У подъездов столпились растерянные жильцы. Под аркой багроволицый комендант Пунтаков, стоя по колено в воде, нашаривал ломиком канализационный колодец.
— Ага… — сказал он и выпрямился, вытирая шею серым офицерским кашне.
Жильцы с надеждой потянулись на его «ага».
— Лопату брось кто-нибудь! — попросил Пунтаков.
Ему подали лопату.
— Крюк надо! Что твоя лопата? — раздраженно проговорил Крупеник, жилец из второго подъезда. На жеребьевке ему достался первый этаж, и с тех пор выражение ущемленности и обиды так и не сошло с его носатого, асимметричного лица.
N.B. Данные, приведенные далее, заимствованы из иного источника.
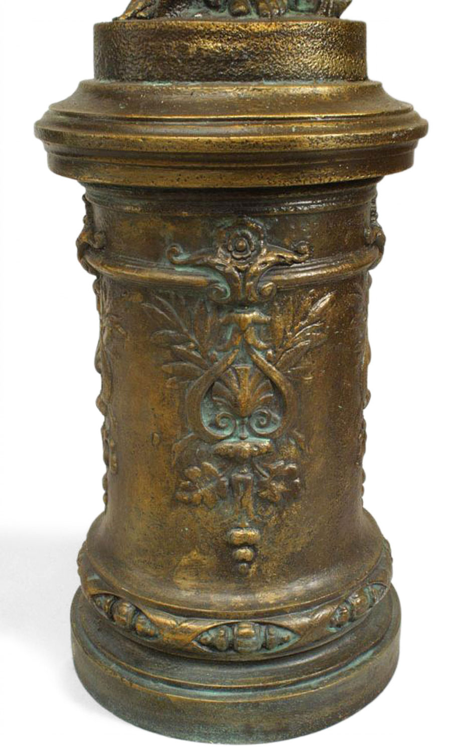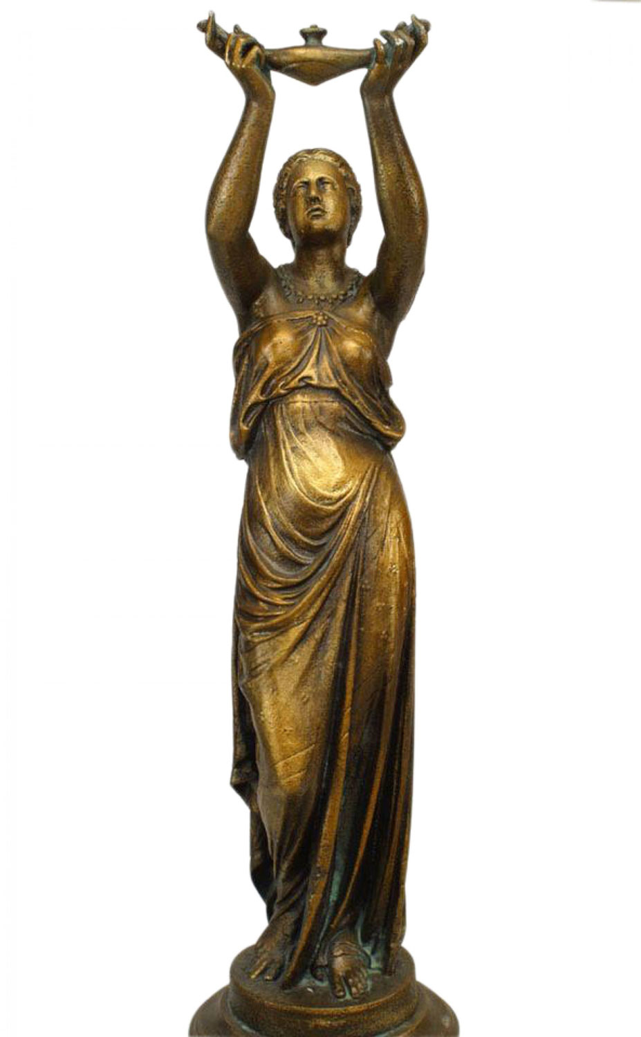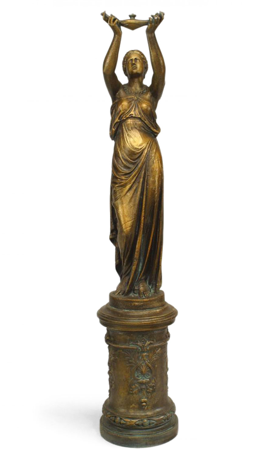 PAIR of Outdoor (late 19th Century) painted iron life size classical form female figures holding a small Aladdin lamp above their heads and standing on round pedestal bases. (attr. Val D'Osne) (PRICED AS PAIR).

— Не вякай под руку, — буркнул Пунтаков.
— Вы как разговариваете! — возмутился Крупеник, но его одернули.
Комендант, кряхтя от натуги, выворотил решетку. Грязная полая вода с ревом устремилась в колодец, образовав воронку. Теперь можно было скоком, с кирпичика на кирпичик, переправиться на шоссе. Пунтаков опять взялся за ломик, чтобы сбить с решетки цемент. Не вышло; тогда он закрыл колодец двумя широкими плахами, валявшимися тут без всякой видимой цели. Прикинув так и этак, сообразил, что положенные поперек колодца плахи будут только мешать, уложил вдоль. Теперь плахи прикрывали колодец и увеличивали сухую дорогу метра на три.
С этих двух плах все и началось.
Сначала Барышев хотел просто закрепить их, чтобы не расшлепывали грязь концами, когда наступаешь на середину. Где надо — подрыл землю лопатой, оставленной комендантом, где надо — подсунул камни. Плахи легли намертво.
А уходить с улицы не хотелось. Дома ждала его машинка, заправленная листом, на котором еще ничего не было, кроме заголовка «Отчет». Доктор Барышев должен был сдать его в понедельник. Как все опытные специалисты, он тяготился необходимостью писать отчеты наспех, как врач-диагностик — тем более. Вообще, за что бы ни брался теперь Барышев, все делал он не спеша, с поиском и размышлением, — минули времена блестящих озарений, материал поддавался ему теперь намного трудней, чем некогда, в пору юношеского азарта.